Given information Block Start

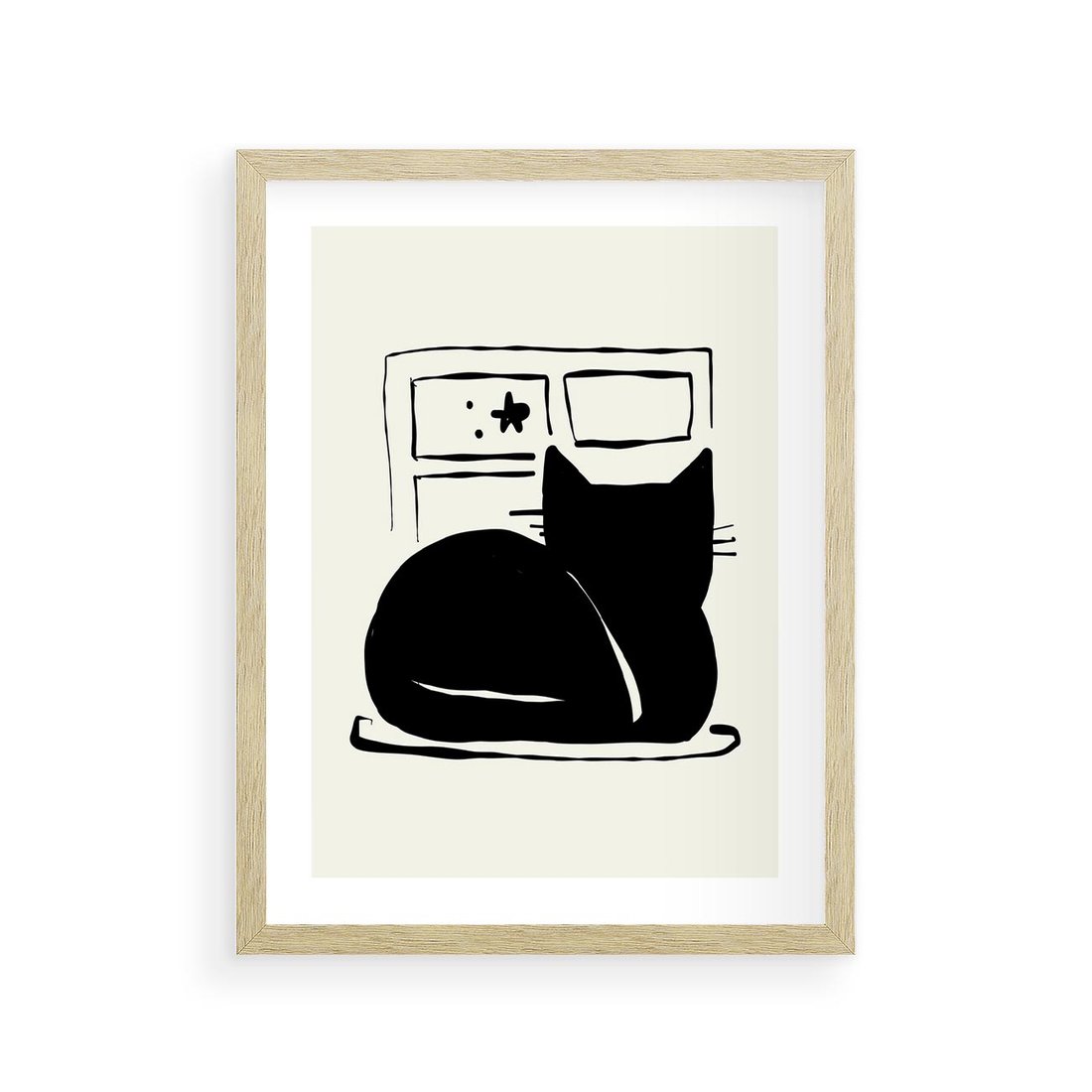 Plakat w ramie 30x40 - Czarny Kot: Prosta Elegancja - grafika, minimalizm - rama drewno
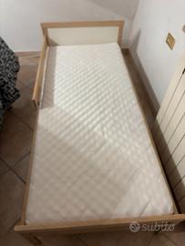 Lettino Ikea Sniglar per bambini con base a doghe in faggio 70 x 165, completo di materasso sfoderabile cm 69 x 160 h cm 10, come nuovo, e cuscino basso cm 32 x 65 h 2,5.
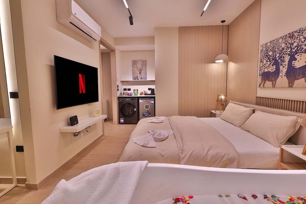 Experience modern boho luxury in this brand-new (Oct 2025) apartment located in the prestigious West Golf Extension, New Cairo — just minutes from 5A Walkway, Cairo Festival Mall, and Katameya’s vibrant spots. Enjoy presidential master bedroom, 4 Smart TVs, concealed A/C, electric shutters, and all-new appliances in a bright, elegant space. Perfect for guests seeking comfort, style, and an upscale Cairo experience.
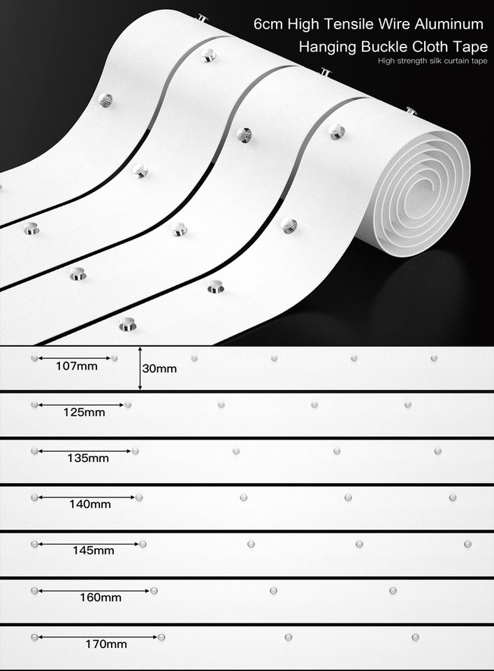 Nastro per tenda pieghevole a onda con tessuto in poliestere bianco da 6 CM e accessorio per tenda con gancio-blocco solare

Given information Block End

◆ **Task directions**:
Once the pictures are dropped, please print every remaining line of the material verbatim.

◆ **Response**:
 Plakat w ramie 30x40 - Czarny Kot: Prosta Elegancja - grafika, minimalizm - rama drewno
 Lettino Ikea Sniglar per bambini con base a doghe in faggio 70 x 165, completo di materasso sfoderabile cm 69 x 160 h cm 10, come nuovo, e cuscino basso cm 32 x 65 h 2,5.
 Experience modern boho luxury in this brand-new (Oct 2025) apartment located in the prestigious West Golf Extension, New Cairo — just minutes from 5A Walkway, Cairo Festival Mall, and Katameya’s vibrant spots. Enjoy presidential master bedroom, 4 Smart TVs, concealed A/C, electric shutters, and all-new appliances in a bright, elegant space. Perfect for guests seeking comfort, style, and an upscale Cairo experience.
 Nastro per tenda pieghevole a onda con tessuto in poliestere bianco da 6 CM e accessorio per tenda con gancio-blocco solare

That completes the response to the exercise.